(Extracted records)
*****
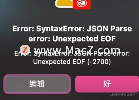 mac电脑安装Adobe时,会提示错误“Error:SyntaxError:JSON Parse error:Unexpected EOF”,这是怎么回事儿的,不管您是安装AI、PS、PR还是LR,如果也遇到相同的问题,可以参考一下方法解决。
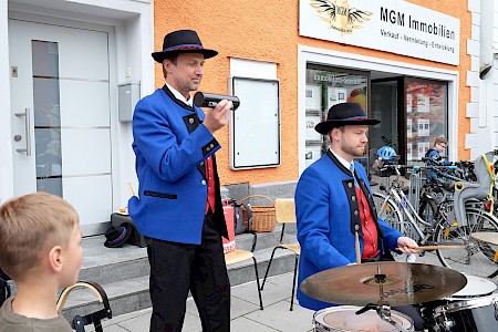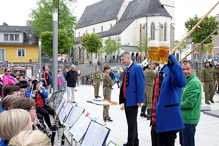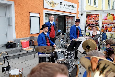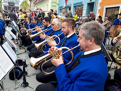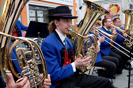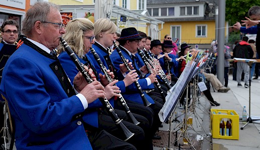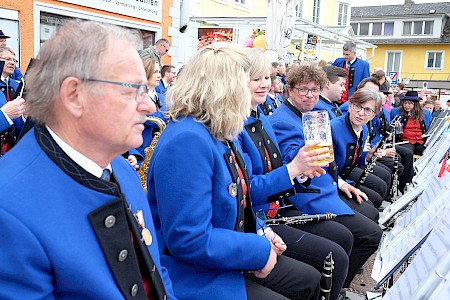 Die Stadtkapelle begleitet den Maibaum auf den Marktplatz und sorgt für die musikalische Umrahmung des Aufstellens.
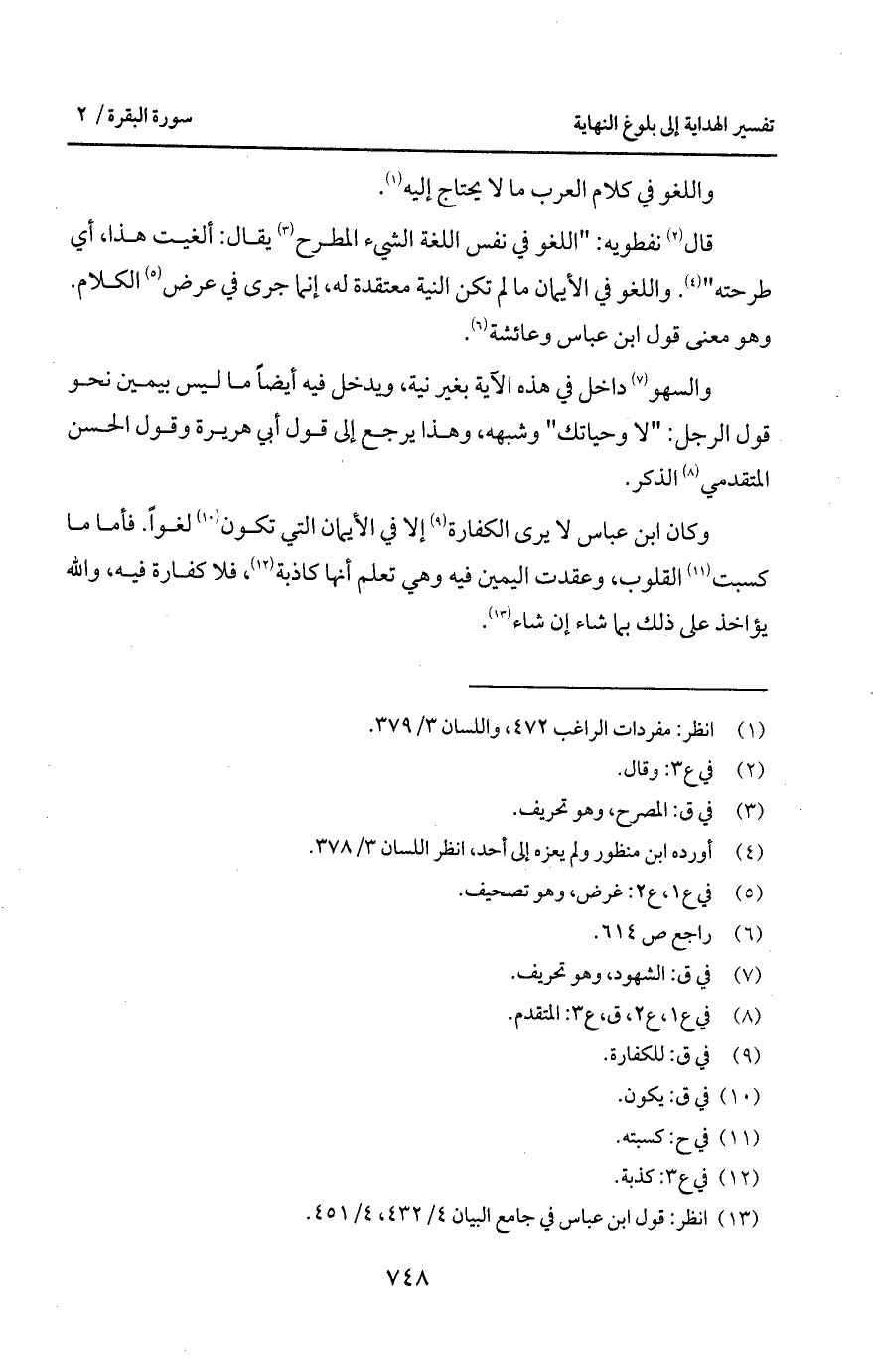 قال نفطويه: " اللغو في نفس اللغة الشيء المطرح يقال: ألغيت هذا، أي طرحته ". واللغة في الأيمان ما لم تكن النية معتقدة له، إنما في عرض الكلام. وهو معنى قول ابن عباس وعائشة.
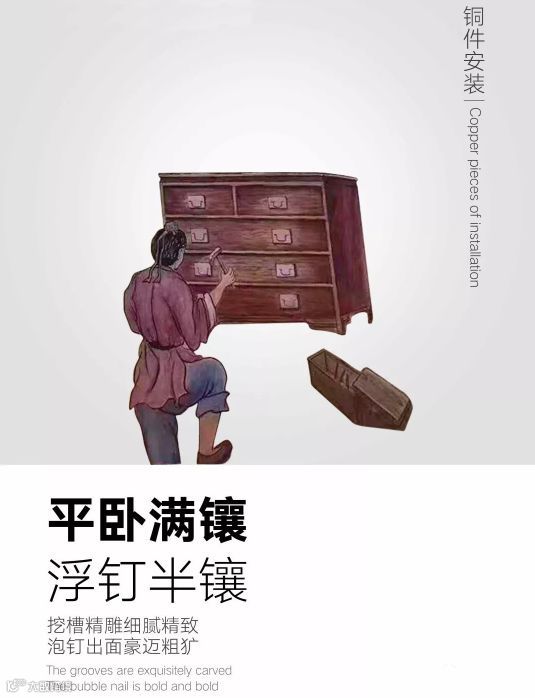 铜件不仅使家具坚固耐用,具有实用功效,还拥有丰富的文化内涵,铜件身材虽小,却能直接影响到家具品位、价值,甚至使用寿命,平卧满镶,浮钉半镶,挖槽精雕细腻精致,泡钉出面豪迈粗犷,两种不同的安装手法,各具特色,至此,一件家具就产生了!
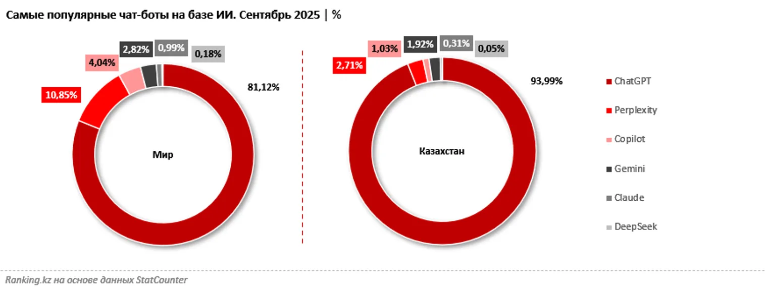 В Казахстане также лидирует ChatGPT, но с более внушительной долей на рынке в 93,99%. На втором месте также располагается Perplexity (2,71%), а замыкает тройку лидеров уже Gemini (1,92%). Следом идут Copilot (1,03%), Claude (0,31%) и DeepSeek (0,05%).
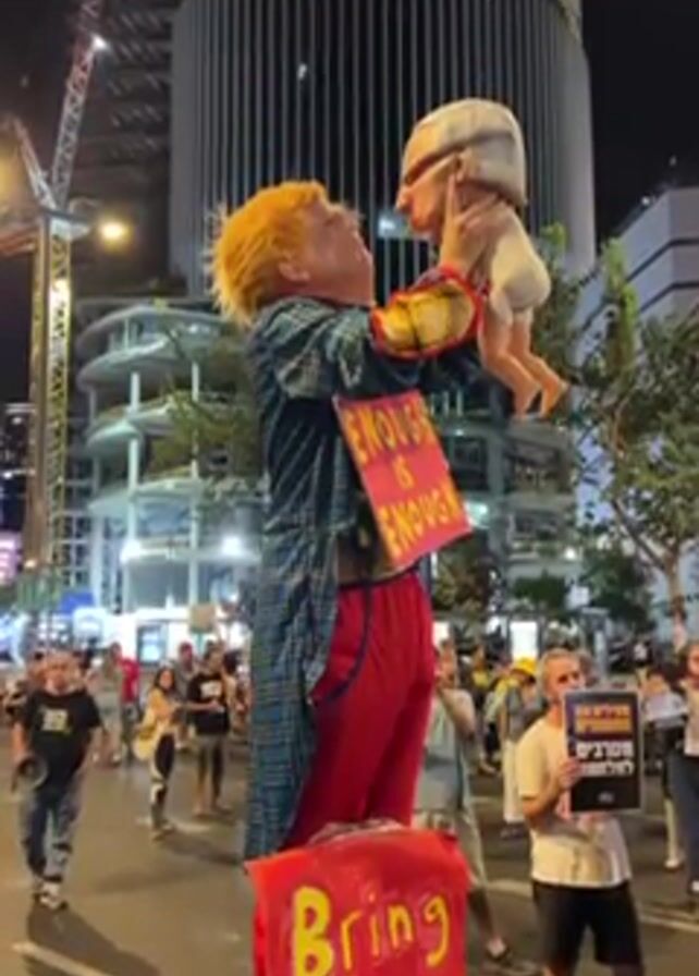 A person in costume stands on stilts in a crowd of people, holding a baby doll. The costume includes red pants, a plaid shirt, and an orange wig. The person is also wearing a sign that says "ENOUGH IS ENOUGH." A sign below reads "Bring them No Selection." The crowd of people is standing in a city street at night. Some people are holding signs. A tall building is in the background.
*****
Look above for the line with "Die Stadtkapelle begleitet" and the line with "В Казахстане также". Give again exactly those two lines and all lines between them, pictures excluded.

— ANSWER TO THIS TASK —
 Die Stadtkapelle begleitet den Maibaum auf den Marktplatz und sorgt für die musikalische Umrahmung des Aufstellens.
 قال نفطويه: " اللغو في نفس اللغة الشيء المطرح يقال: ألغيت هذا، أي طرحته ". واللغة في الأيمان ما لم تكن النية معتقدة له، إنما في عرض الكلام. وهو معنى قول ابن عباس وعائشة.
 铜件不仅使家具坚固耐用,具有实用功效,还拥有丰富的文化内涵,铜件身材虽小,却能直接影响到家具品位、价值,甚至使用寿命,平卧满镶,浮钉半镶,挖槽精雕细腻精致,泡钉出面豪迈粗犷,两种不同的安装手法,各具特色,至此,一件家具就产生了!
 В Казахстане также лидирует ChatGPT, но с более внушительной долей на рынке в 93,99%. На втором месте также располагается Perplexity (2,71%), а замыкает тройку лидеров уже Gemini (1,92%). Следом идут Copilot (1,03%), Claude (0,31%) и DeepSeek (0,05%).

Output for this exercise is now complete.